Required action:
Omit the pictures from the entries below and retype everything else exactly.

Data for review:
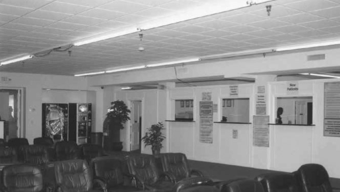 Waiting Room of Pill Mill American Pain. Photo taken by FBI after raid, March 03, 2010.
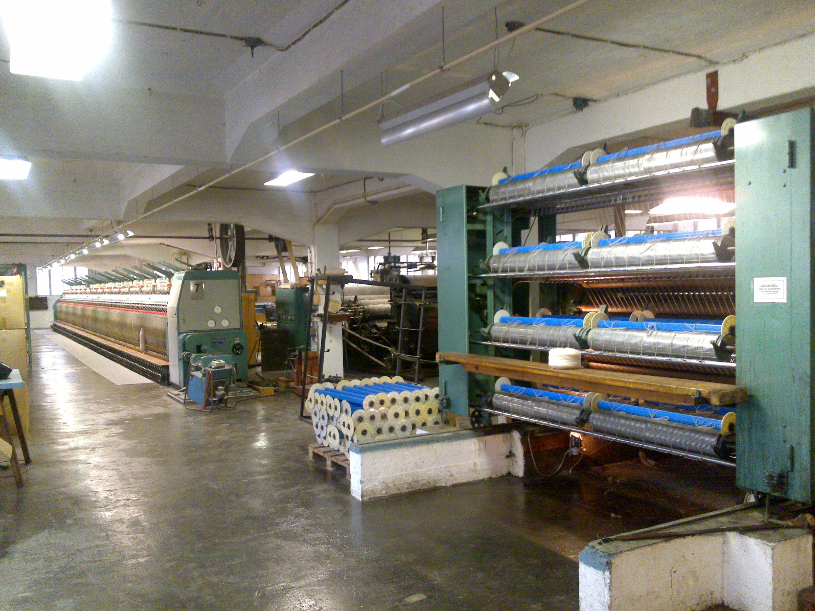 Spinning facility at Sjölingstad Uldvarefabrik (Woolen factory), Mandal (Norway)
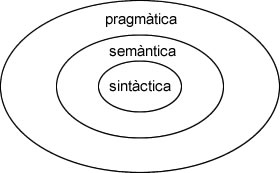 relationship between syntactic, semantic and pragmatic
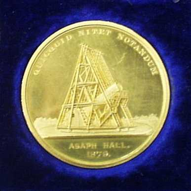 This is the actual Gold Medal of the Royal Astronomical Society that was awarded to Asaph Hall in 1879.
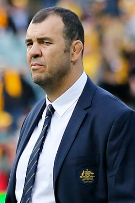 2017.06.17.14.51.58-Michael Cheika-0002 The 2017 mid-year rugby union international, 17 June 2017, Australia vs Scotland at Allianz Stadium, Sydney
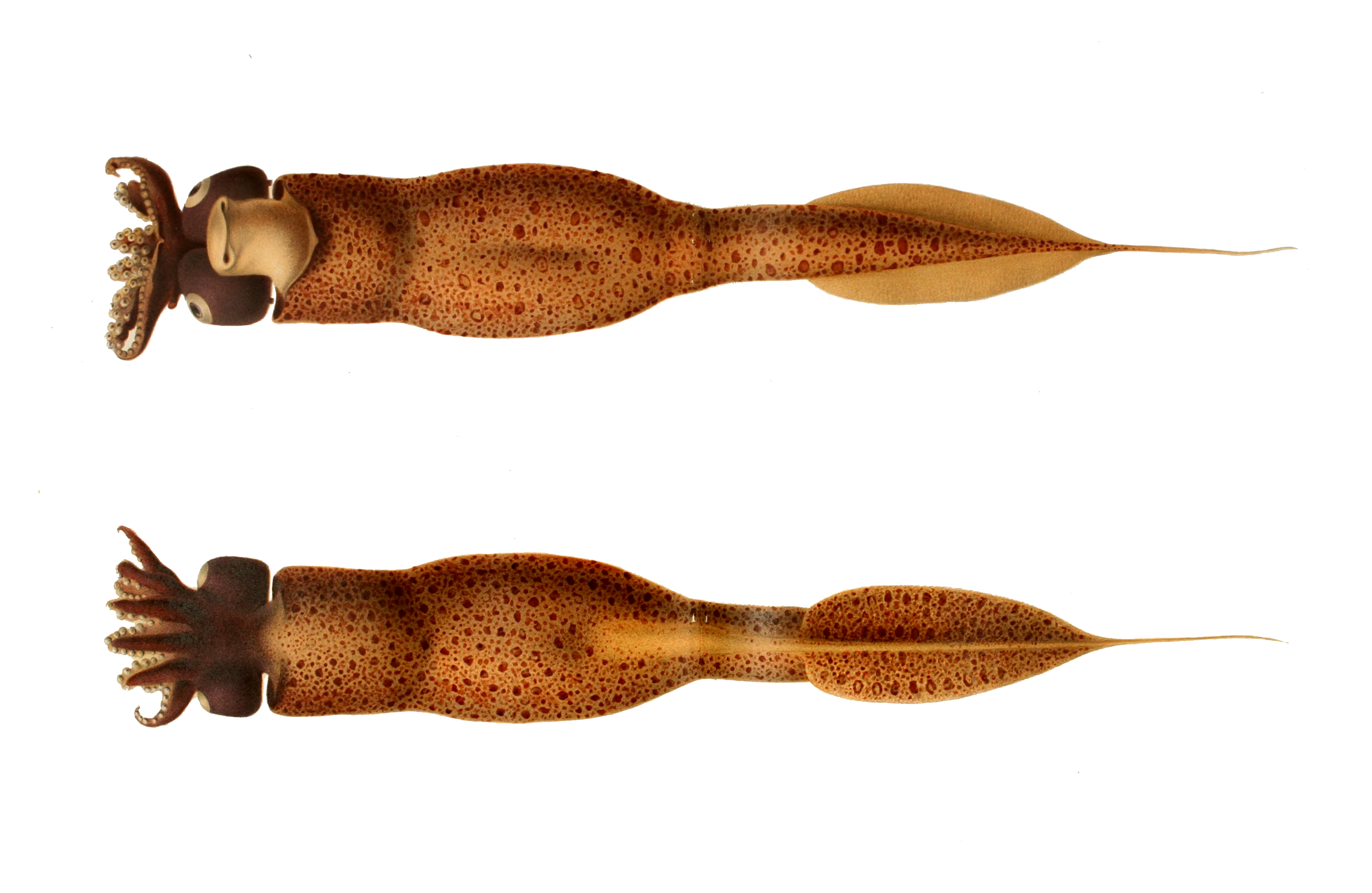 Grimalditeuthis bonplandi
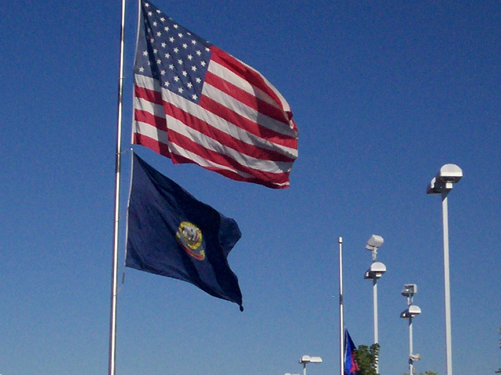 United States and Idaho State flag flying.
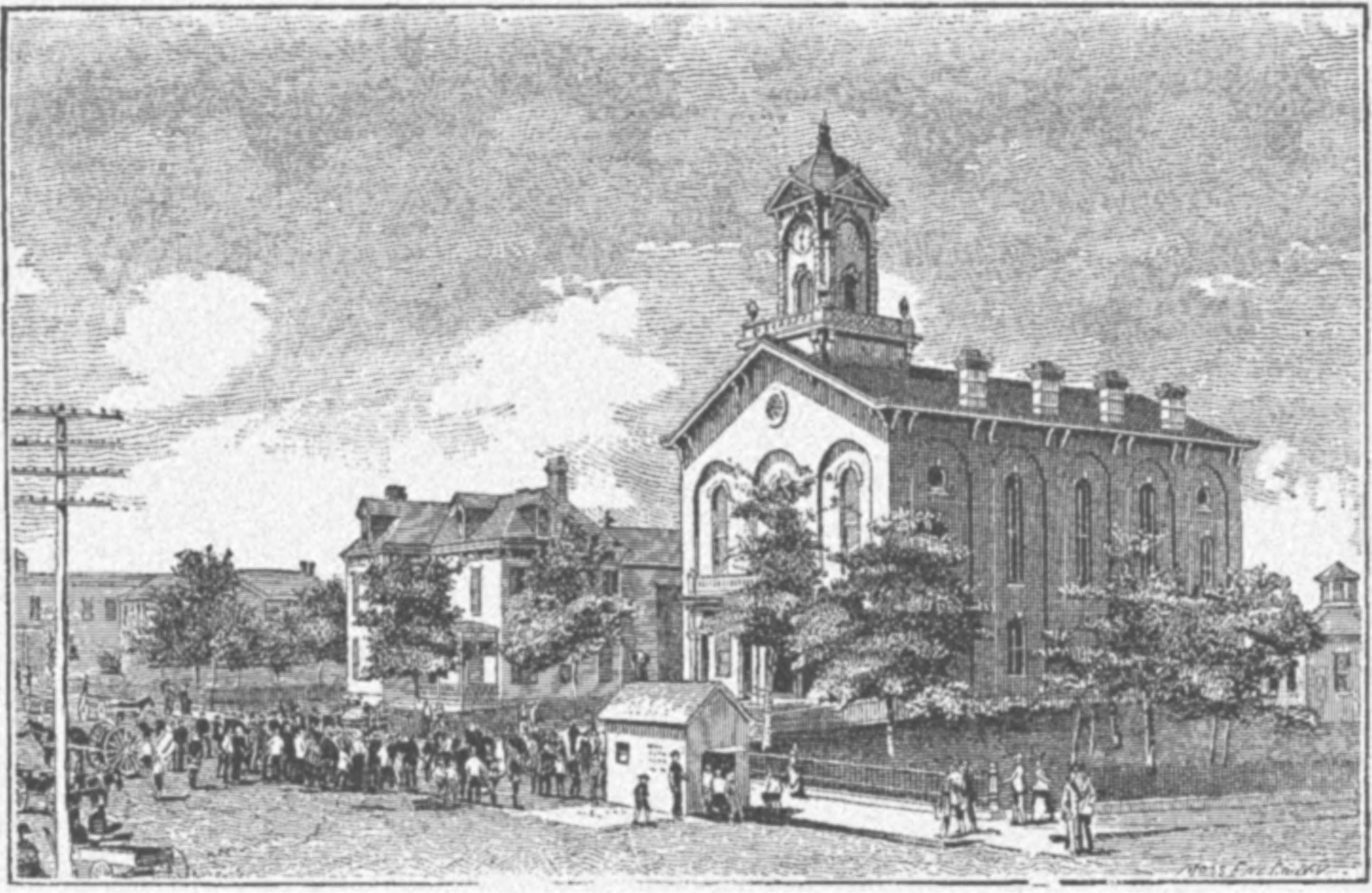 Title: Historical Collections of Ohio: An Encyclopedia of the State ; History Both General and Local, Geography with Descriptions of Its Counties, Cities and Villages, Its Agricultural, Manufacturing, Mining and Business Development, Sketches of Eminent and Interesting Characters, Etc., with Notes of a Tour over It in 1886 V 2 Year: 1891 (1890s) Authors: Howe, Henry, 1816-1893 Subjects: Ohio -- Biography Ohio -- History Ohio -- Local History Ohio -- Description and travel Publisher: Columbus : Henry Howe & Son View Book Page: Book Viewer About This Book: Catalog Entry View All Images: All Images From Book Click here to view book online to see this illustration in context in a browseable online version of this book. Text Appearing Before Image: Miners Tools. Text Appearing After Image: Miller it Tfilli&ms, Phot:, J«cfcs»», 1SS6. Jackson. 239 JACKSON COUNTY. 241 a prisoner. The meeting between them was affecting.In his own simple and artless language: We give the particulars Mrs. Martin s Stoiy.—It was now betterthan a year after I was taken prisoner, whenthe Indians started off to the Scioto salt-springs, near Chillicothe, to make salt, andtook me along with them. Here I got to seeMrs. Martin, that was taken prisoner at the;same time I was, and this was the first time■that I had seen her since we were separatedat the council-house. When she saw me, she-came smiling, and asked me if it was me. Itold her it was. She asked me how I hadbeen. I told her I had been very unwell, forI had had the fever and ague for a long time.So she took me off to a log, and there we satdown ; and she combed my head, and askedme a great many questions about how I lived, and if I didnt want to see my mother andlittle brothers. I told her that I should beglad to see them, but neve
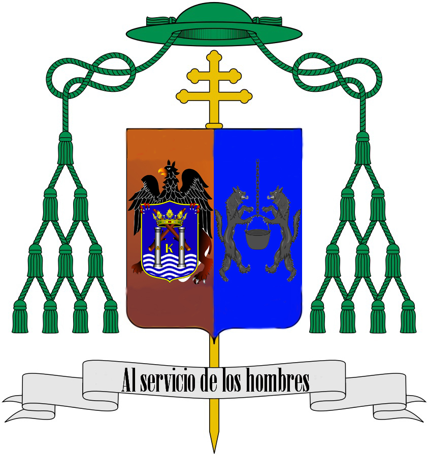 Escudo
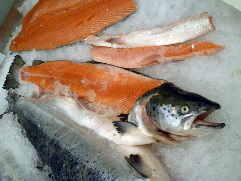 A salmon cut
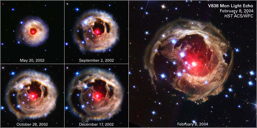 Successive photos of V838 Monocerotis showing the progress of a light echo.
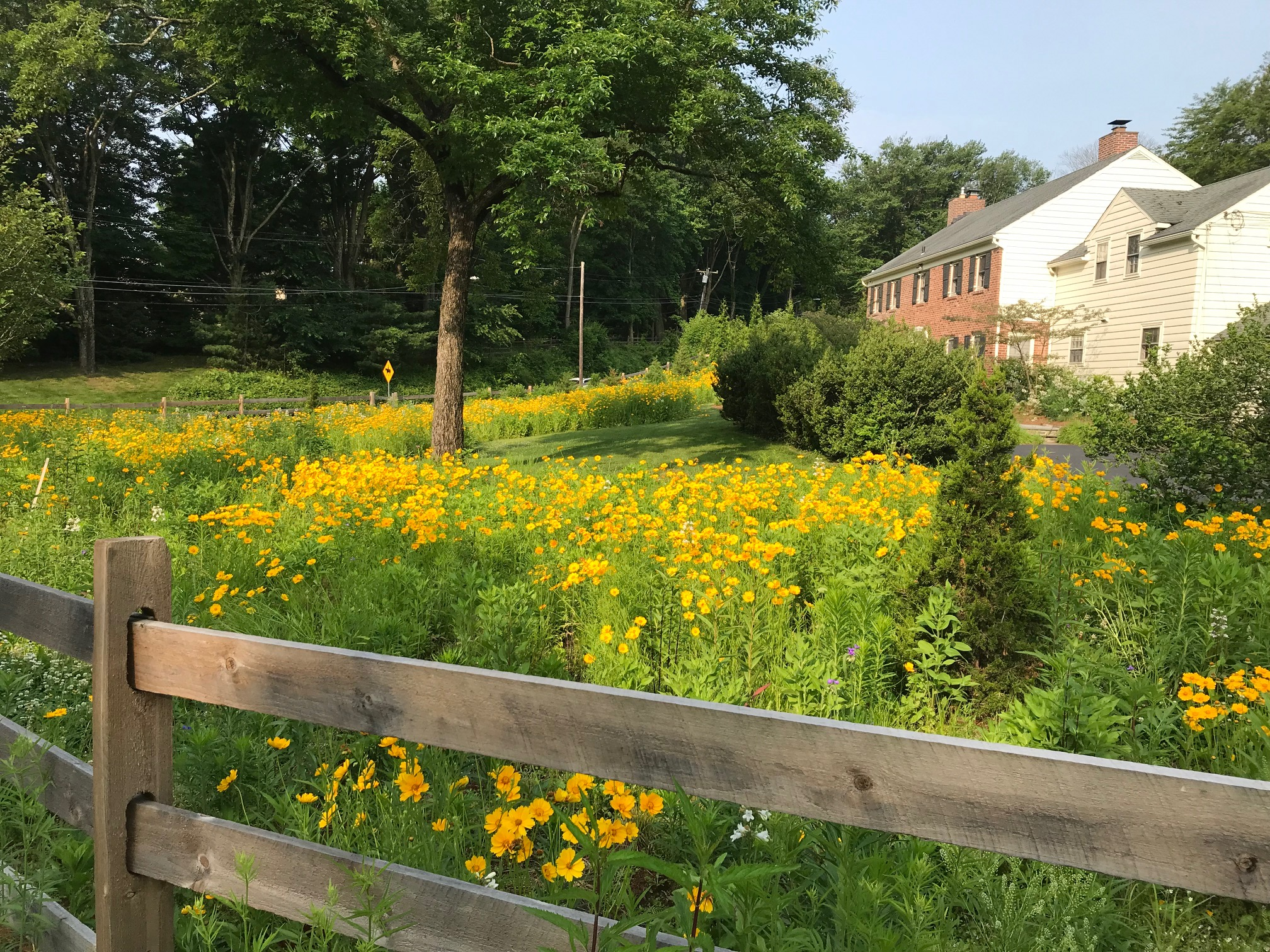 Great example of a naturalized / meadow-ed front lawn at Williamson Rd and Amies Lane in Gladwyne.

Response box:
 Waiting Room of Pill Mill American Pain. Photo taken by FBI after raid, March 03, 2010.
 Spinning facility at Sjölingstad Uldvarefabrik (Woolen factory), Mandal (Norway)
 relationship between syntactic, semantic and pragmatic
 This is the actual Gold Medal of the Royal Astronomical Society that was awarded to Asaph Hall in 1879.
 2017.06.17.14.51.58-Michael Cheika-0002 The 2017 mid-year rugby union international, 17 June 2017, Australia vs Scotland at Allianz Stadium, Sydney
 Grimalditeuthis bonplandi
 United States and Idaho State flag flying.
 Title: Historical Collections of Ohio: An Encyclopedia of the State ; History Both General and Local, Geography with Descriptions of Its Counties, Cities and Villages, Its Agricultural, Manufacturing, Mining and Business Development, Sketches of Eminent and Interesting Characters, Etc., with Notes of a Tour over It in 1886 V 2 Year: 1891 (1890s) Authors: Howe, Henry, 1816-1893 Subjects: Ohio -- Biography Ohio -- History Ohio -- Local History Ohio -- Description and travel Publisher: Columbus : Henry Howe & Son View Book Page: Book Viewer About This Book: Catalog Entry View All Images: All Images From Book Click here to view book online to see this illustration in context in a browseable online version of this book. Text Appearing Before Image: Miners Tools. Text Appearing After Image: Miller it Tfilli&ms, Phot:, J«cfcs»», 1SS6. Jackson. 239 JACKSON COUNTY. 241 a prisoner. The meeting between them was affecting.In his own simple and artless language: We give the particulars Mrs. Martin s Stoiy.—It was now betterthan a year after I was taken prisoner, whenthe Indians started off to the Scioto salt-springs, near Chillicothe, to make salt, andtook me along with them. Here I got to seeMrs. Martin, that was taken prisoner at the;same time I was, and this was the first time■that I had seen her since we were separatedat the council-house. When she saw me, she-came smiling, and asked me if it was me. Itold her it was. She asked me how I hadbeen. I told her I had been very unwell, forI had had the fever and ague for a long time.So she took me off to a log, and there we satdown ; and she combed my head, and askedme a great many questions about how I lived, and if I didnt want to see my mother andlittle brothers. I told her that I should beglad to see them, but neve
 Escudo
 A salmon cut
 Successive photos of V838 Monocerotis showing the progress of a light echo.
 Great example of a naturalized / meadow-ed front lawn at Williamson Rd and Amies Lane in Gladwyne.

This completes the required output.